Yes, I truly must be going mad to even consider I might, dare I say it, enjoy my coursework!

(Isn't graduate school ironically refreshing on many levels?)

(And an extra hearty thanks to my wife for fanning my intellectual flame instead of smothering it with endless leisure and irresponsibility.)

150th Post!!

In honor of my 150th post, I made an intricate and highly delectable cake.

Wouldn't you like a piece?

Okay, so I just lifted the image from some other dude's blog.

Can you blame me?

Sound off below on your favorite CA memories (i.e., those which come to mind without scrolling through my blog archive . . .).


I saw this one at work and had to share it.

I especially love the subtle nuance of the remote control on the table. Good times.

Monday, July 13, 2009

Yesterday's Spiritual Message: Consider the Lilies

Having been married a little over two and a half years, my wife and I are still very young chicks (birds).

As such, we have been very used to having worms lovingly placed in our mouths for most of our lives.

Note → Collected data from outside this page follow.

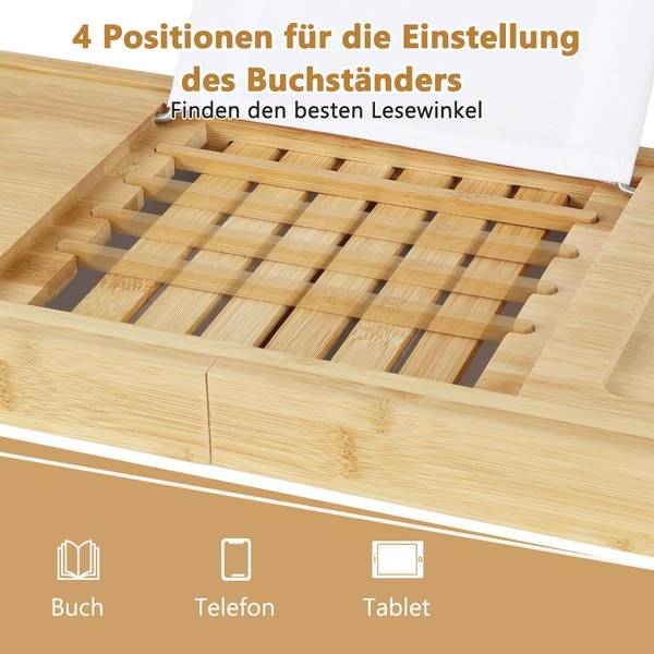 Unser Badewannenregal verfügt über eine 4-Positionen-Buchständerverstellung, mit der Sie den besten Lesewinkel für Ihr Buch, Ihr Telefon oder Tablet in verschiedenen Badehaltungen finden können. Gleichzeitig schützt der Stoffüberlauf Ihr Buch vor Tropfen und Spritzern.
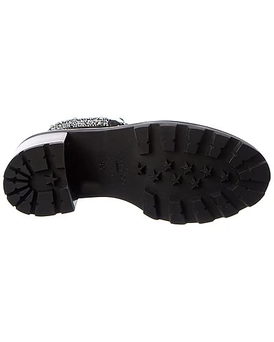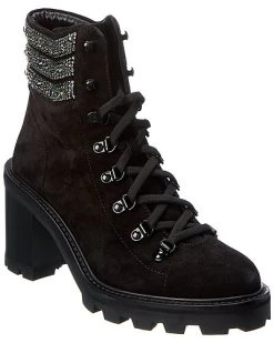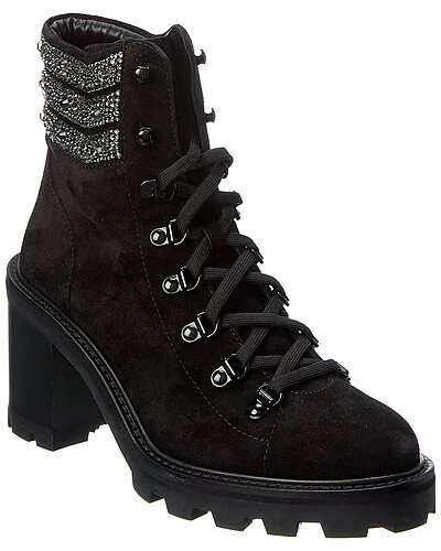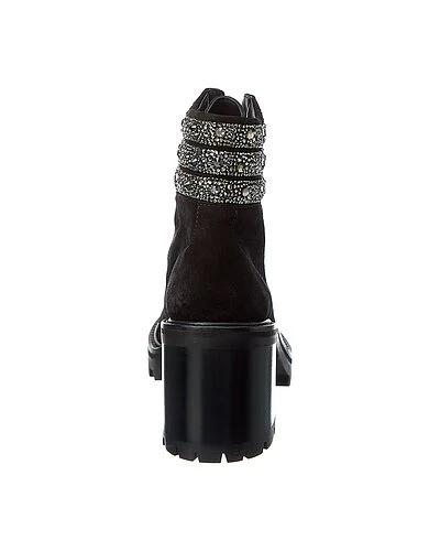 - Eshe 65 Suede Bootie in black suede with chunky sole and crystal embellishments
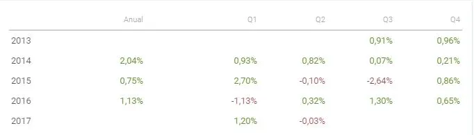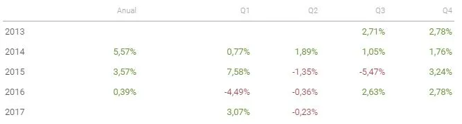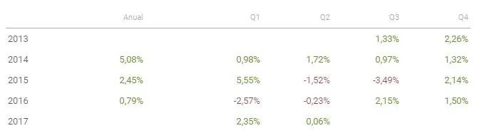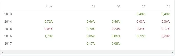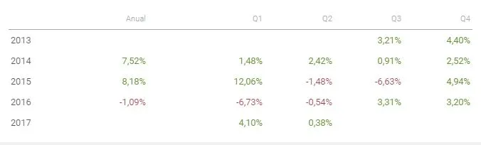 Estas son las rentabilidades año a año y trimestre a trimestre del producto:
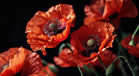 Captivating Portrait of Vibrant Red Poppy Flowers in Selective Focus --ar 3:2
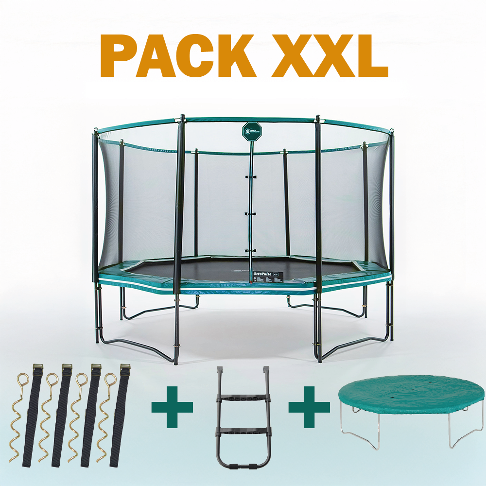 Pack de cama elástica Octopulse 390 con red de seguridad, escalera + funda protectora + kit de anclaje. ¡Ideal para saltos más dinámicos!
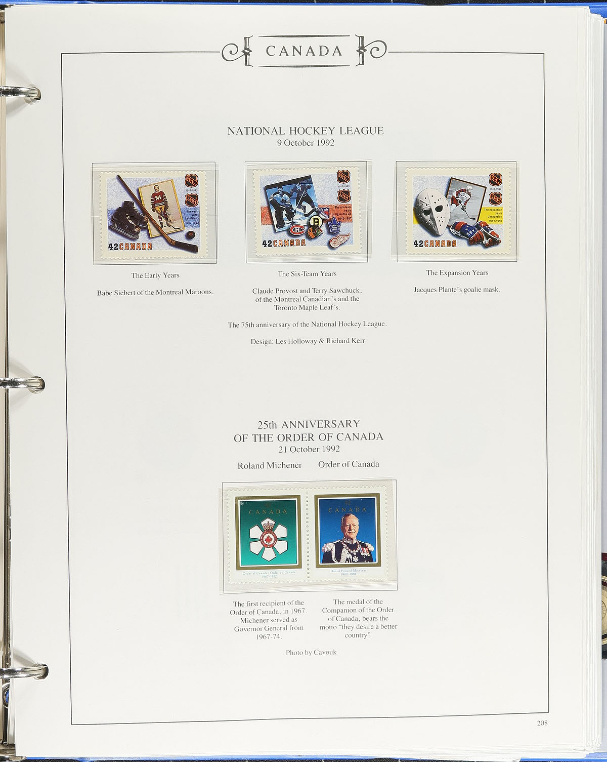 Modern Mint Never Hinged Collection 1988-1998 within a padded "Dominion of Canada" stamp album. An attractive "one of each" collection, including compete booklets, $8.00 Grizzly, complete booklets, panes, 1990 Petro Canada sheetlets and a smattering of complimentary used and FDC. Very clean material, conservatively valued for the total usable postage value only. Total face value =
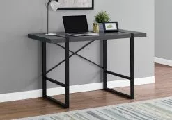 Bold and modern with an industrial inspired design, this versatile computer desk will be a standout in your home office space. The black metal tube legs that wrap and frame the thick spacious desk top, gives it an unmistakable presence. Contrast this edgy look with an elegant gray wood-look finish and it can easily fit into any contemporary-style decor. Just the right size for small spaces, it can hold a laptop and some office essentials within easy reach. Assembly is required.

However, as we have ventured farther and farther into the world, we have come to the realization that we need to depend on one Source for our benefit and welfare: Our Heavenly Father.

Recently becoming a father myself and recognizing all expenses that come with it makes me think of this scriptural verse, "Consider the lilies of the field . . ." The Savior goes on to explain how our Heavenly Father is very aware of our most intricate needs.

Having this calming reassurance over the past few months and years has been an incomprehensible blessing.

I invite you to ponder these lines of scripture and the invitation the Savior gives us to work hard and then trust in God.

We firmly testify that, "[He] knoweth that [we] have need of all these things."

Finally, click here for a stirring rendition of Consider the Lilies.

Awesome Web Site

I believe it was Friday when I looked over Smiele's shoulder to witness this artistic masterpiece:

I mean, just look at the thing, you know that beaver means business.

And with a subtitle like "Home of Champions," who could go wrong with that?

I particularly enjoyed the quasi-rippled-water effect. Simply unprecedented (at least in 1994).

Thinking this banner had all but quenched my thirst for hilarity, I was delighted when my wife later turned my attention to the true diamond in the rough. Have a look at this "history" teacher:

Indeed. No words.

Trying to be polite and find any fathomable reason for this, um, interesting display, I can actually muster one word: WOW.